У вешалки, прямо у хлипкой двери, не успев ее толком затворить, он сбрасывал свой замечательный военный хитин, почти срывая череду золотых пуговиц, – вот-вот они разлетятся сверкая.
Он пробегал тонкими пальцами по кителю быстрее, чем пуговицы выскакивали из петель. Он их словно заводил, магнетизировал, и они расстегивались сами по себе, чтобы блеснуть редкостной завораживающей искрой.
Поддаваясь гипнозу, я стоял ни жив ни мертв.
Он стягивал сапоги, и меня настигал флер усталости его тела
Дрыгая ногами, как пацан, молодеющий отец разматывал бинты портянок, запревших за день, в ржавых сырых следах.
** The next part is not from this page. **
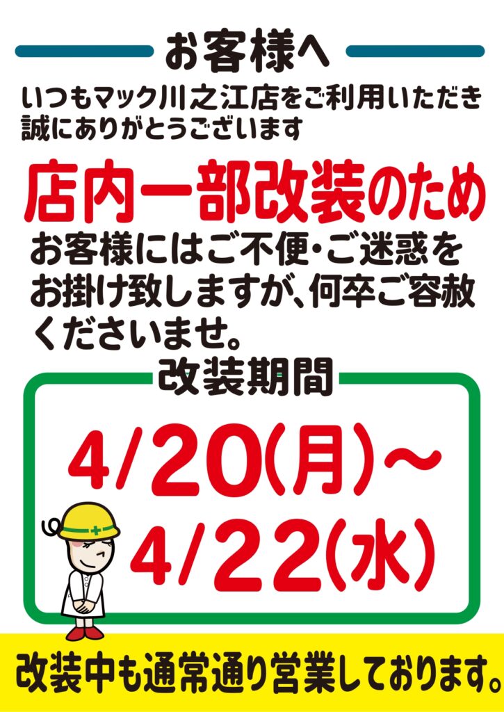ドラッグストアmac川之江店 一部改装のお知らせ

Босыми ступнями нащупывал тапочки как кочки в зыбком болоте. И он вступал в дисперсное поле сплошной неуверенности. Начиная наново жить.
Он, преувеличенно бодро покачиваясь с пятки на носок и обратно, стоял передо мной чуть дольше мгновенья.
До сих пор мне неизвестна истинная цена того промежутка.
Стоял в одних лиловых, как отстиранные чернила, растянутых плавках.
Этот цвет печали мне ни за что не позабыть.
Из-под их провисшего края всегда стекал кожистый пустой лоскуток его желтоватой мошонки. Как беззащитный знак тыльной стороны его плоти. В пустую емкость, пока он так переминался, низко опускались яички, он их из себя вытряхивал, как птица сносил их.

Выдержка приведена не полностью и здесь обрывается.